Today is my father’s birthday. (Well, I suppose technically it was yesterday.)

Honestly, I thought it would hit me more – the grief, I mean. I’m not sure why since I’ve never felt particularly sad on his birthday before. I guess I just thought that maybe since I’m going to counseling, I would be more vulnerable to the date. Instead, I thought about him sporadically throughout the day, but nothing really heavy hitting or weep inducing (for which I am grateful).

It’s been almost four years. Four years since I kicked my father out of my life for being a Grade A Asshole. 

Yet today, as I drive around in my car, I find myself thinking of all the things he brought into my life that I otherwise wouldn’t have been exposed to. Not bad things, either. Good things. Happy things.

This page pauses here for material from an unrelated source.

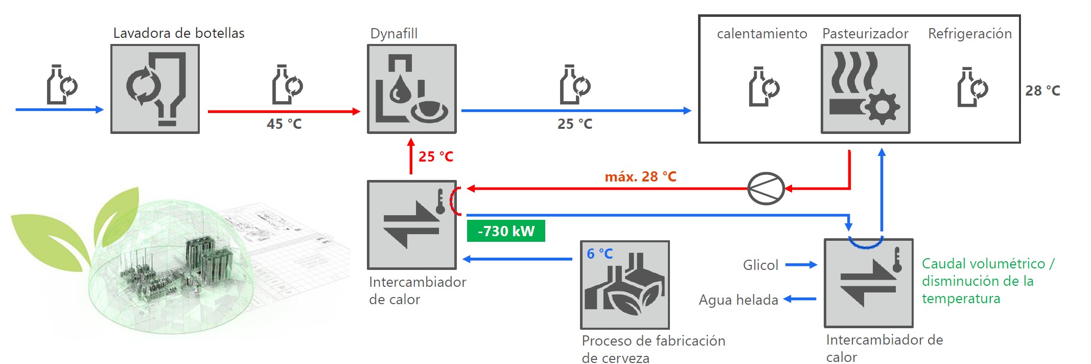 Krones concibe sus máquinas de forma integral, lo que significa que no solo tenemos siempre en mente la máquina individual, sino que también la incluimos en el concepto global. En el caso de la Dynafill, esto significa que somos conscientes de las oportunidades que ofrece el llenado en caliente en el tema del ahorro de energía. Así, hemos desarrollado un concepto integral con el que es posible reciclar energía de refrigeración en otras fases del proceso de producción o llenado.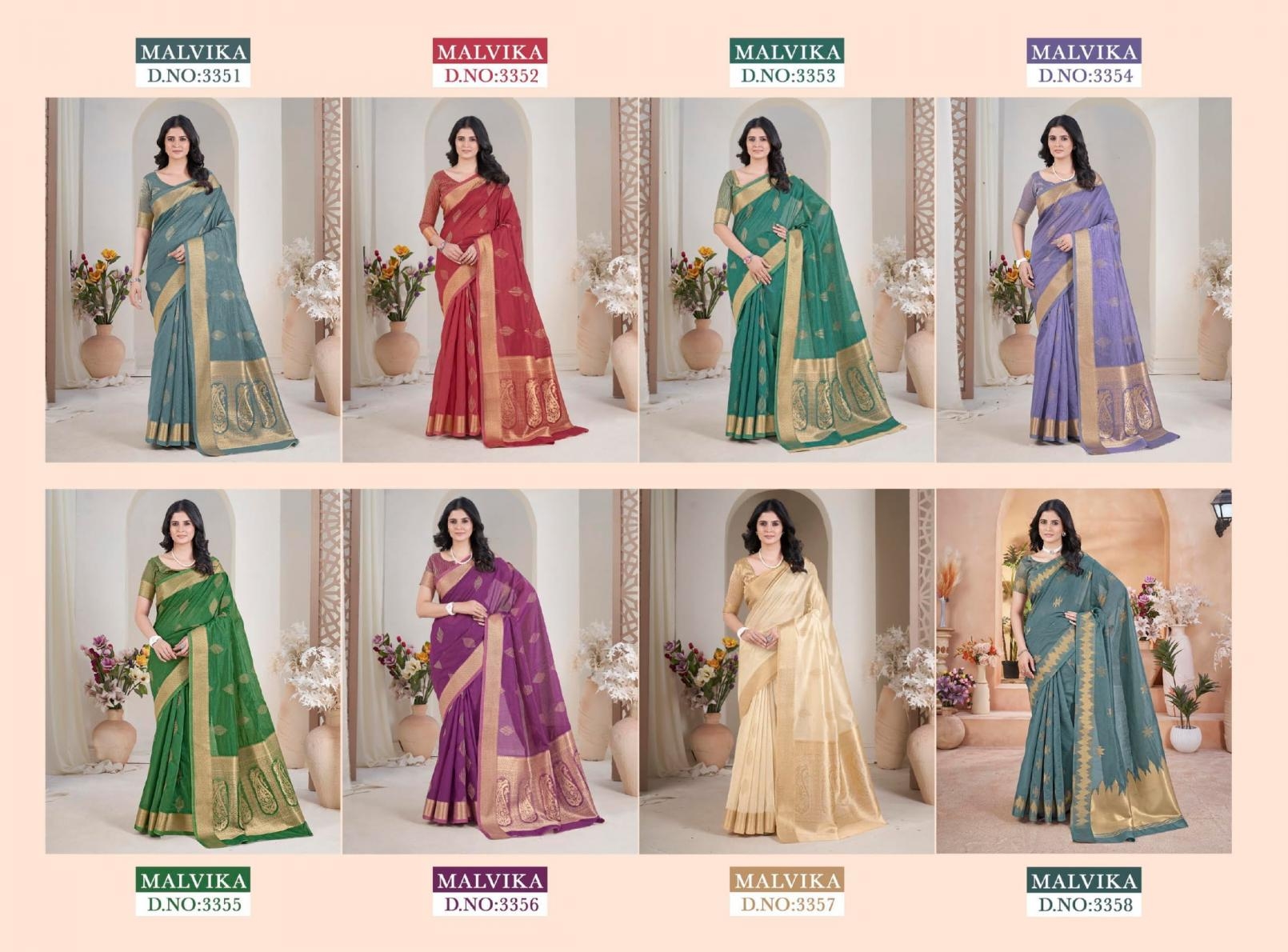 | Name : | Bansi Malvika Series 3351 To 3364 Unique Weaving Buta Jari Cotton Silk Uniform Saree In Wholesale Surat | ||

Things I still enjoy. 

I think of him while listening to Scheherazade by Rimsky-Korsakov or Pavarotti and remember listening to this symphony and many others like it in the van while on road trips. 

I think of him when I play mah jong with friends late into the night. I remember him teaching me, my brother, and family friends how to play mag jong and Napoleon and Hearts and poker. He was a lot of fun. 

I think of him when I take the kids cherry picking and remember all the times he took my family cherry, apricot, and peach picking as we all piled into our old Family Wagon van. 

I think of him when I rush to Glow Worm’s side after he gets a nasty cut and remember the time I cut my finger while chopping okra and he ran to my side as soon as he saw blood. 

I hear him when I make non-committal grunts at the children or make joking noises and pull silly faces at them. 

The memories are soft and half-focused. Almost like a forgotten time. 

I wonder if I should tell my kids more about my father than “He was a bad man.” Because truthfully, He wasn’t always bad. He could be kind and sweet and loving. He could be the life of the party and so much fun. He taught me to enjoy games and family traditions. A lot of the traditions I want to pass down are things he did with us.

I wonder why it is that neither Hapa Papa or I tell stories about when we were little. Stories about ourselves or our parents. We should start doing that more. The kids love stories about us or themselves or their grandparents. They make it part of their stories. 

I wonder if I am betraying my mother by telling the kids some nice things about my father. Or if I will need to always append the good stories with “but he was a bad man.” 

But he was a pretty good guy some of the time. Just not enough. Not good enough. And not what we deserved. 

I want my kids to know that people who are bad for them can be good, too. That good and bad can exist all in one person. And that the people who are sometimes the worst for you happen to be people you love – and love deeply. 

And that sometimes, out of love for yourself and other people you love, you have to cut off and out the people who are terrible to and for you. 

I wonder if my remembering my father in some fond memories is a good, bad, or a neutral thing. 

I decide it is just a thing. 

Happy Birthday, Dad. I don’t know if you are happy or even if I want you to be happy. But there you go.